Canadian Press - January 5, 2003
by James Stevenson

CALGARY - The cost of natural gas, though not in the global spotlight like the price of crude oil, has been steadily climbing lately due to cold weather and dwindling reserves.

Natural gas futures jumped more than 10 per cent Thursday and a further nine cents Friday to close the week at $5.34 US per million British thermal units on the New York Mercantile Exchange. Forecasters predicted another round of winter storms to pound the northeastern U.S. and boost demand for fuel.

On Friday, the U.S. Energy Department reported that gas storage levels had dropped 123 billion cubic feet in the last full week of 2002, with total storage down 15 per cent from last year.

All this will be a boon to the major natural gas-producing provinces like Alberta, British Columbia and Nova Scotia, which should enjoy greater royalty revenues as prices rise.
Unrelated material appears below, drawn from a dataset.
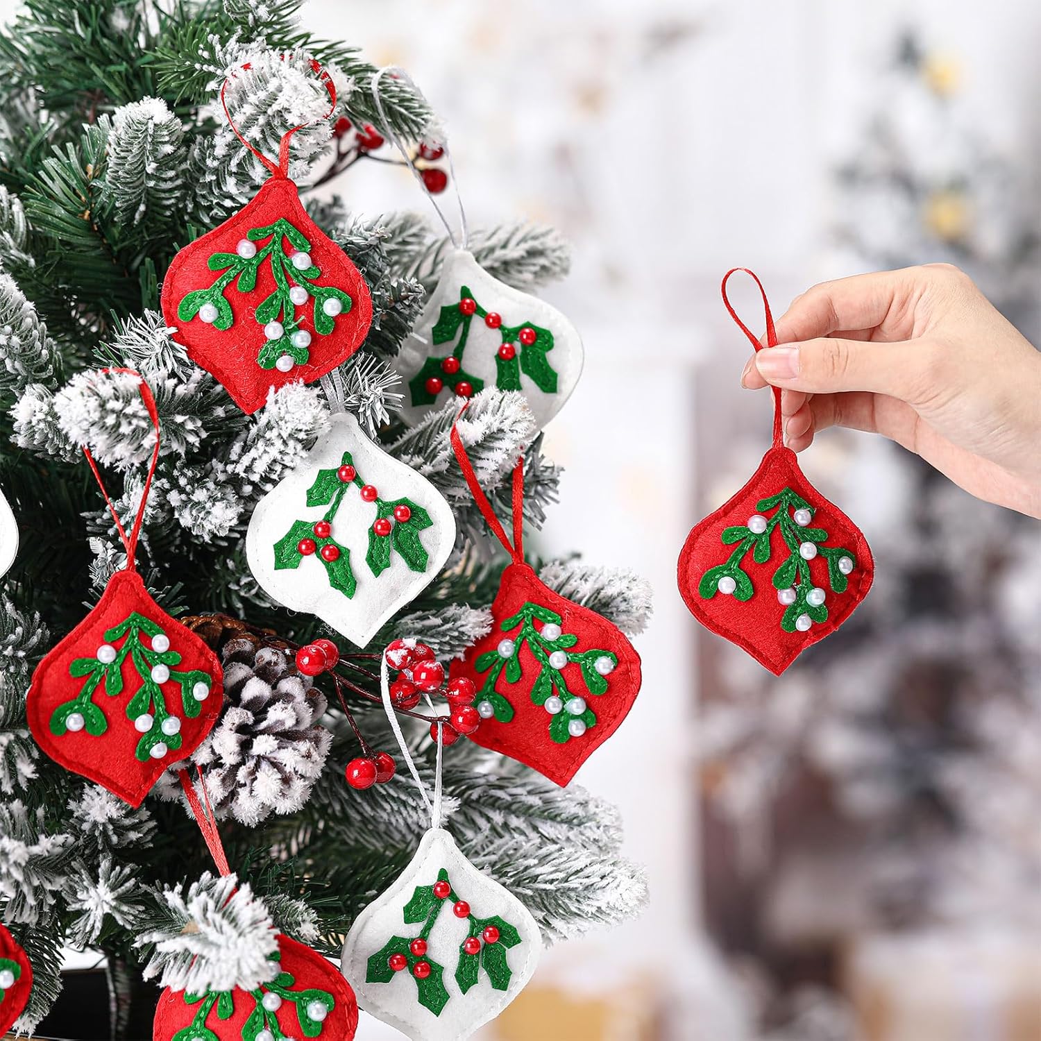 - Christmas 3D Elements: as you can see in the pictures, our felt Christmas ornaments come with 3D effect designs, embellished with popular Christmas colors, and shaped with classic Mistletoe and Holly leaves with Pearls style, which can create a strong festival atmosphere

But it will also saddle many Canadians with higher electricity and furnace heating bills.

Gord Currie, an energy analyst with Canaccord Capital in Calgary, said the jump in natural gas prices is explained by three major factors - starting with the weather.

"If you didn't have any cold weather on Wall Street - lower Manhattan - by about the middle of December, it's pretty much too late," he said.

"But, of course, they had the one big snow storm and then a second one, so that's good for gas consumption."

In the long term, natural gas prices will depend on a U.S. economic recovery, "and I think the jury is still out on that," said Currie.

If there is a rebound as predicted, that will boost demand for natural gas, which is being used increasingly throughout North America as the fuel of choice for new power plants because it burns cleaner than coal.

The third big issue affecting gas prices is a general decrease in drilling throughout North America, so new deposits are not being found to balance out the decline of existing reserves.

Gwyn Morgan, chief executive of Canada's largest oil and gas company, EnCana Corp., said recently that massive consolidation in the oilpatch and the emergence of royalty trusts has had a harsh impact on exploration.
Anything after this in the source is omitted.